5.0

Nullability

Null values are used as the way to express a value that isn’t yet known.

Null values can be found in the data present in existing sources, or they can be the product of joining data using non-inner joins.

The schema of nullable types is represented as a union of the field type and a null value:

{
  "type": "record",
  "name": "record",
  "namespace": "example",
  "doc": "A schema representing a nullable type.",
  "fields": [
    {
      "name": "property",
      "type": [
        "null",
        "double"
      ],
      "doc": "A property that can be null or a double."
    }
  ]
}

Problem: operations using nullable types 

Working with null values can create situations where it’s not clear what the outcome of an operation is.
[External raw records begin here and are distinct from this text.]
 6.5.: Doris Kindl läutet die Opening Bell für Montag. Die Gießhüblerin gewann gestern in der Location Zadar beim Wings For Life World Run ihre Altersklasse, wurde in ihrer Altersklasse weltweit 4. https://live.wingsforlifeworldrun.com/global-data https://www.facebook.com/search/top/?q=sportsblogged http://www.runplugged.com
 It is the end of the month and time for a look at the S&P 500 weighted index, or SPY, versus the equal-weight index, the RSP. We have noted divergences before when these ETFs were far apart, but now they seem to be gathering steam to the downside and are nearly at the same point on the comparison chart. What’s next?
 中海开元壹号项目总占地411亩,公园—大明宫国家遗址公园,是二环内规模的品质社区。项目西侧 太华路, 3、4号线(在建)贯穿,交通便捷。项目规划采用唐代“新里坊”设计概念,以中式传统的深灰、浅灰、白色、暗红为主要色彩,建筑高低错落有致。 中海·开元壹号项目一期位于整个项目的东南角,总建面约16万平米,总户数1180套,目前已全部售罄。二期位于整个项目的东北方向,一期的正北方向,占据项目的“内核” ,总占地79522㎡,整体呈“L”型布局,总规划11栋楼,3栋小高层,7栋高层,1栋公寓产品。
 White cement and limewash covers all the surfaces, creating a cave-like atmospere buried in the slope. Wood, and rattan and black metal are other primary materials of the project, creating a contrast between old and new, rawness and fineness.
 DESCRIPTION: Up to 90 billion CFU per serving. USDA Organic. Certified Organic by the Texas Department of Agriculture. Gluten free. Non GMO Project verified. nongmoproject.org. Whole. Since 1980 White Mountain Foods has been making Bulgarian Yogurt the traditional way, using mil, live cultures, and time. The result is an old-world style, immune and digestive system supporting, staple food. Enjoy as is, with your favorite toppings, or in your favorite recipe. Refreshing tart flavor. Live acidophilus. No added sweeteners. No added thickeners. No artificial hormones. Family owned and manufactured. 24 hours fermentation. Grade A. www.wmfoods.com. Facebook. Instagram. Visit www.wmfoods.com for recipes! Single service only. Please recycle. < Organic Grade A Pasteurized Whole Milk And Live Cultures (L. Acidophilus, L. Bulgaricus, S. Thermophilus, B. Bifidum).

One example of this would be the following:

null * 1 = ?
null + 1 = ?

Looking at the first two expressions, one may be tempted to solve the problem above by saying “null is 1 when multiplying and 0 when summing” meaning the following would be the evaluation result:

null * 1 = 1
null + 1 = 1

Rewriting the third expression applying the distributive property of multiplication however shows that the rule creates inconsistencies:

(null + 1) * null = (null + 1) * null <=>
null * null + 1 * null = (null + 1) * null <=>
1 * 1 + 1*1 = (0 + 1) * 1 <=>
1 + 1 = 1 * 2 <=>
1 = 2  //not valid

With the intent of avoiding scenarios like the above where a computation may have different results based on the evaluation approach taken, most operations in lenses do not allow operations to use nullable types.

COALESCE, AS_NON_NULLABLE and CASE 

Lenses provides the following tools to address nullability in a flexible way:

  • Coalesce: A function that allows specifying a list of fields to be tried until the first non null value is found.

    • Note: the coalesce function won’t verify if a non nullable field is provided so an error may still be thrown if all the provided fields are null
    • e.g:COALESCE(nullable_fieldA, nullable_fieldB, 0)
  • AS_NON_NULLABLE: a function that changes the type of a property from nullable to non nullable.

    • Note: This function is unsafe and will throw an error if a null value is passed. It should only be used if there’s a guarantee that the value won’t ever be null (for instance if used in a CASE branch where the null case has been previously handled or if the data has previously been filtered and the null values removed).
    • e.g: AS_NON_NULLABLE(nullable_field)
  • AS_NON_NULLABLE with CASE: A type checked construct equivalent to using coalesce:

    • e.g:
       CASE
           WHEN a_nullable_field IS NULL THEN 0
           ELSE AS_NON_NULLABLE(a_nullable_field)
       END
    

AS_NULLABLE 

The AS_NULLABLE function is the inverse transformation of the AS_NON_NULLABLE version. This function allows a non nullable field type to be transformed into a nullable type. It can be used to insert data into existing topics where the schema of the target field is nullable.